Icing Rule Explained
Hockey is a game of tremendous speed and constant contact. It's also a game of strategies and techniques that can give a team an advantage. But these strategies are not always without consequence. The three major NHL rules that limit the movement of the puck are icing, off-side, and out-of-play. For now, we'll concentrate on icing.
What exactly is icing?
Basically, icing is a tactic whereby a player on his own side of the red line dumps the puck to the end of the ice from behind the center ice red line. If the puck crosses the opposing goal line untouched, and is then retrieved by an opposing player, icing is called. Considered a delaying tactic, it results in a stoppage in play and a face-off in the offending team's defensive zone. The purpose of the icing rule is to encourage continuous action.

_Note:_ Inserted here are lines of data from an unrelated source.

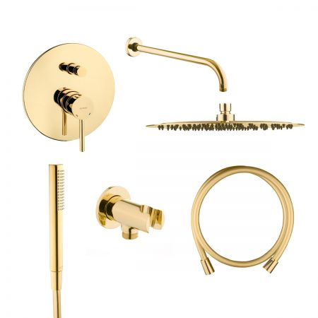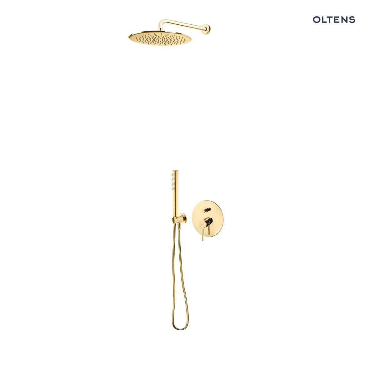 Zestaw Oltens Molle bateria podtynkowa z deszczownicą 30 cm Vindel i kompletem prysznicowym Ume złoty (34100800, 37000800, 39400800, 37102800, 37200800, 39304800)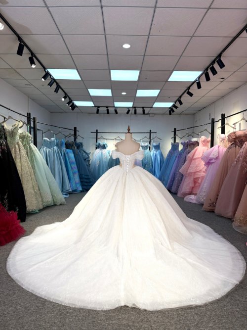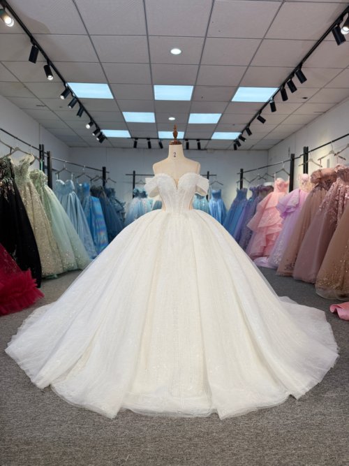 • Sparkling Ivory Quinceanera Dress Off Shoulder Glitter Ball Gown Long Train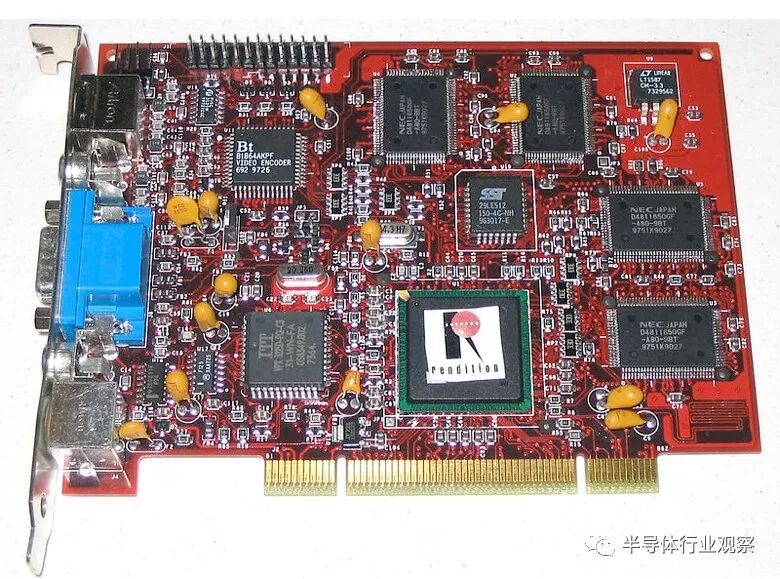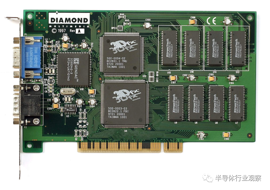 3Dfx的Voodoo于1996年11月推出,它由仅具有3D功能的显卡组成,该显卡需要将VGA线缆从单独的2D卡传递到Voodoo,然后再将其连接到显示器上。很多公司都出售过这种显卡。Orchid Technologies公司率先推出了售价299美元的“Orchid Righteous 3D”芯片,这款产品以其内置的机械继电器在芯片使用时能够发出“clicked”声而闻名。后来他们使用了固态继电器,与其他供应商保持一致。除此以外,基于Voodoo而设计的芯片还有:Diamond Multimedia的Monster 3D, Colormaster的Voodoo Mania, Canopus Pure3D, Quantum3D, Miro Hiscore, Skywell (Magic3D)和2theMAX Fantasy FX Power 3D。Voodoo Graphics几乎在一夜之间彻底革新了个人计算机中的图形处理器,超越了大量的仅能提供2D图形设计的供应商。1996年的3D环境使S3占据了大约50%的市场份额。据估计,在Voodoo统治的鼎盛时期,3Dfx占据了3D加速器市场80-85%的份额。但是,这种情况很快发生了变化。Diamond Multimedia的Monster 3D(3dfx Voodoo1 4MB PCI)大约在那个时候,VideoLogic开发了一种基于图块的延迟渲染技术(TBDR),该技术在纹理、阴影和光照应用于剩下的渲染之前,抛弃了所有可见的几何形状,从而消除了对大规模z缓冲(在最终渲染中去除遮挡/隐藏的像素)的需求。这个过程产生的框架被分割成矩形块,每个图块都可以自行进行多边形渲染并发送到输出。一旦计算了帧所需的像素并剔除了多余的多边形(z缓冲只在平铺层发生),对多边形渲染就开始了。这样,只需要进行最基本的计算。前两个系列的芯片和显卡由NEC公司制造,而第三个系列(Kyro)芯片则由ST Micro公司制造。第一张显卡只用于Compaq Presario PC,即众所周知的Midas 3 (Midas 1和2是基于arcade系统项目的原型)。PCX1和PCX2则作为OEM部件。系列2芯片最初用在了Sega的Dreamcast游戏机上。但是,到1999年11月桌面Neon 250上市销售时,它在169美元的价位上被无情地超越,败于更高分辨率的32位彩色显卡上。在Neon 250面世之前,Rendition的VéritéV1000成为第一张具有可编程核心的显卡,它使用了基于MIPS的RISC处理器和Pixel Pipelines(像素管线)。处理器负责设置和组织管线的工作负载。Vérité1000最初于1995年底开发,后来成为Microsoft用于开发Direct3D的主板之一。不幸的是,由于Rendition使用此方法需要在PCI接口上传输数据,因此该卡需要能够支持能够进行直接内存访问(DMA)的主板芯片组。与Voodoo Graphics上市之前的几乎所有其他消费类图形卡相比,V1000的表现都不错,后者的3D性能要高出一倍以上。该板相对便宜,并且提供了良好的功能集,包括包括为预算较低的游戏玩家提供edge反锯齿功能,以及ID软件的Quake的硬件加速功能。然而,游戏开发者们很快就放弃了DMA传输模型,因为这种方式不太受欢迎。与1996年一样,1997年被证明是消费类图形行业又一个繁忙的一年。ATI推出了Rage II,随后在3月份又推出了3D Rage Pro。后者是ATI 3D工程组(该小组成立于1995年)推出的第一张AGP 2x卡,这也是他们的第一款产品。Pro在4MB格式下几乎可以媲美Voodoo Graphics的性能,在使用8MB和AGP接口时,其性能则优于3Dfx卡。由于扩展了4kB高速缓存并增加了边缘抗锯齿功能,该显卡改进了Rage II的透视校正,纹理处理能力以及三线性滤波性能。还集成了一个浮点单元,以减少对CPU的依赖以及对DVD的硬件加速和显示支持。总而言之,Rage Pro大大增加了ATI的利润,帮助该公司实现了4,770万加元的销售利润,销售额超过了6亿美元。这种成功的大部分来自OEM合同,与消费者和服务器主板的集成以及移动版本。该卡的价格(通常以Xpert @ Work和Xpert @ Play的形式出售)也有所不同:2MB版本的170美元、4MB版本的售价在200-230美元之间,8MB版本则270-300美元之间。其16MB版本售价超过$ 400。ATI通过以300万美元的价格收购了Tseng Labs的IP来增强他们的产品组合,并于1997年12月聘用了该公司的40名工程师。这是一笔很划算的交易,但因为Tseng未能将RAMDAC整合到其显卡中,导致ATI销售额大幅下降,从1996年的1240万美元降至1997年的190万美元。3DLabs于1997年3月发布了Permedia(“Pervasive 3D”)系列板卡的修订版,该产品基于德州仪器的350nm制程,而不是之前其所采用的IBM的上一版本的Permedia制程和Permedia NT制程。第一个版本的性能低于标准,而NT型号则由于采用了全三角和AA设置的附加Delta芯片而有所改进,但它的价格达到了300美元。基于Permedia 2的卡已于年底开始发货,但它们并未与游戏重量级产品并驾齐驱,而是作为具有中等3D图形功能的半专业2D卡进行销售的。ATI和3DLabs更新产品线一个月后,Nvidia推出了RIVA 128(实时交互式视频和动画加速器),并通过渲染三角形多边形增加了Direct3D兼容性。Nvidia选择了与意法半导体进行合作,意法半导体使用新的350nm工艺生产了该芯片,并开发了RAMDAC和视频转换器。尽管最初的驱动程序存在问题(尤其是在虚幻引擎上),但该卡在Quake 2和3等游戏中表现出了足够的性能,超过了许多基准评测。Diamond Viper V330 PCI (Nvidia RIVA 128)这被证明是自1993年以来英伟达一直在寻找的具有里程碑意义的显卡。英伟达要想维持供应就需要把目光放得更远,这对于他们来说是未来经济和成功的关键所在。因此,他们与台积电签署了一项制造协议,与ST Micro一起供应Riva 128ZXs。在1997年底,Nvidia的3D图形市场份额估计为24%,仅次于3Dfx Interactive,排名第二,这主要归功于Riva 128/128ZX。即使最终合同给了NEC / VideoLogic,但Sega也将NV2纳入了Dreamcast 游戏机中可能采用的图形芯片中,这也增

When the conditions of "icing the puck'' have occurred, the referee will blow his whistle and raise his non-whistle hand over his head. Play stops and a face-off is held in the defensive zone of the team that iced the puck. The back official will then move to the face-off spot and give the icing signal.
Why is icing a problem?
The icing rule was introduced by the NHL to prevent teams from wasting time when they were ahead late in the game, especially if the score was still close. The rule was designed to prevent a team from "dumping" the puck into their opponent's zone in order to use up the clock or to avoid playing defense.
Before the rule, teams that were stuck in their own defensive end for too long would ice the puck just to be able to make a line change and switch out tired players. In 2005, the NHL modified the icing rule to state that the five players on the ice for the offending team must remain on the ice for the subsequent face-off. The modification resulted in fewer icing incidents since the severity of the penalty outweighed the benefit.
Please Note: The icing rule for non-pro hockey varies by league. Most leagues enforce a "no-touch" icing, in which icing is called and play is stopped as soon as the puck crosses the goal line, regardless of whether or not an opponent touches it.
Exceptions to the rule...
One exception to the icing rule occurs when a team is shorthanded. During power play situations, the shorthanded team is allowed to dump the puck without an icing penalty being called. Icing can also be waved off if the referee determines that an opposing player could have touched the puck before it crossed the goal line.
In the NHL and AHL, a player on the opposing team other than the goaltender must touch the puck to cause the stoppage of play. If the puck is first touched by the goaltender or a player on the team that iced the puck, icing is waved off (cancelled) and play continues.